The internet is a strange place. Our lives (or at least as much as we display online) are being documented, and we have the ability to go back and look at what happened “On This Day” five years ago, eight years ago, however many years ago… It’s weird! Right? Even weirder is when our past selves seemingly show up with some revelation or message that we need in this moment. Or maybe it’s just that we often have to learn that same lessons more than once. Either way, I got hit with some wisdom from 26 year old me a couple days ago. It struck such a cord for me that I decided I’d share it again. Prepare for a lesson from the ghost of
Christmas my past. Here we go:
I’ve had a theme running through my head for the last week or so…
Taking up space.
It really started on our flight to Pennsylvania last week. Whenever we fly together, I always take the middle seat because I am smaller than Dan. I fit better in the middle seat so it just seems smart for me to sit there. Not a problem. What we can’t help is the people who sit next to us. Well, on this particular flight a very nice man chose to sit in our row. He was awfully chatty, but kind. The gentleman was not a very large man, but he just filled the space. (And not just his space) You know? Spread out. Took room.
And I got smaller.
I pressed in on myself trying to be more compact. At one point in the flight his elbow was about halfway into my seat, and I was trying to just be fine with it. I was going to be Polly Pocket if I needed to be.

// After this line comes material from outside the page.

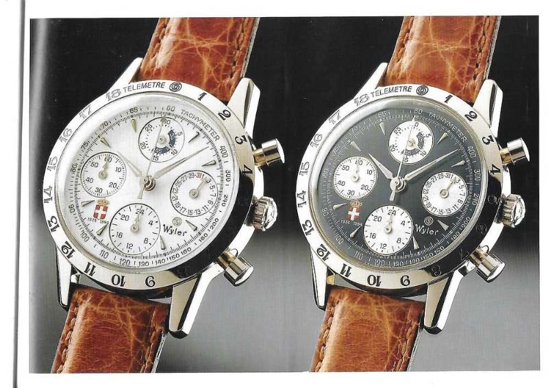 In-8° album. Catalogo commemorativo, legatura in brossura azzurra, pp. 12 con le foto dei cronografi a colori e le foto di parte della nazionale del '34, (Pozzo, Meazza, Monzeglio, Combi, Orsi, Cesarini), con relativi facsimili di autografi riguardanti l'elogio agli orologi Wyler.

And then I wondered why. Why was I doing this? Why was I shrinking?! I paid for my seat on this plane, and I should get to fill it! So, I stopped. I stopped trying to compress myself and become invisible. I am a person. I matter. I get to take up space. I let myself relax into my body, into my seat. I turned my light on (you know – that inner glow that says, “I am here! You are allowed to see me.”) and became present… And you know what? That man gave me my space. (Side note: He was not trying to be rude. Honestly. I think some people are just used to taking up space. Others have spent so much time trying to slip through the cracks. I did not verbally ask him to move or physically move him. I just decided to take up space.)

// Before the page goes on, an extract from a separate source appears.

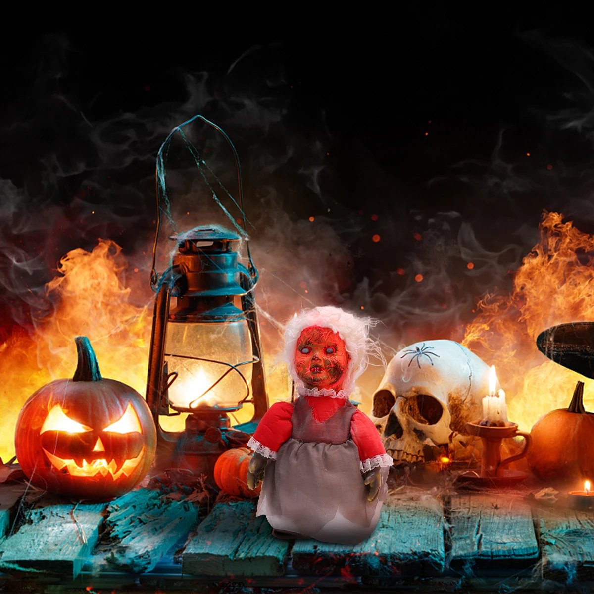 • Gruselige Puppe Mit Sound & Licht - Stimmaktiviert Für Halloween

This turned on a light bulb in my head about all the other areas of my life where I try to make myself smaller. I get so caught up in making other people comfortable (the curse of a people pleaser) that I can forget to take up room in my own life. Well, I am done. I am here. I am ready to start taking up space. I don’t mean being bigger than everyone else. I don’t mean being unkind. I don’t mean being self-important. I mean being myself even if others don’t like it. Sharing what I have to give with the world. Showing up for my life and living each day like I mean it.
We all have the ability, the right, and the responsibility. There is only one you. Please take up the space that is meant just for you. If you do, people are going to take notice and let you have it. You are a person. You matter. You get to take up space.

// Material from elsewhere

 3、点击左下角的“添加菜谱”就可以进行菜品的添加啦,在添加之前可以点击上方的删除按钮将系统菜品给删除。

Yes! You matter. You get to take up space. I matter. I get to take up space. We all have a unique purpose and path here on this earth. The world needs you to step up and play the role written for you.
Recently, my light has been off, my curtains have been drawn, and there has been a do not disturb sign on the door. I made myself so small I would fit in Polly’s pocket. It’s uncomfortable. And it’s a sad life to choose. So, I’ve decided I am done choosing it.
It might take a couple tries, but I’m going to give it all I have. Light turned on. Heart open. Here I am, world. I’m ready to take up that Joanna sized space that was made just for me.
What about you? Are you taking up enough space?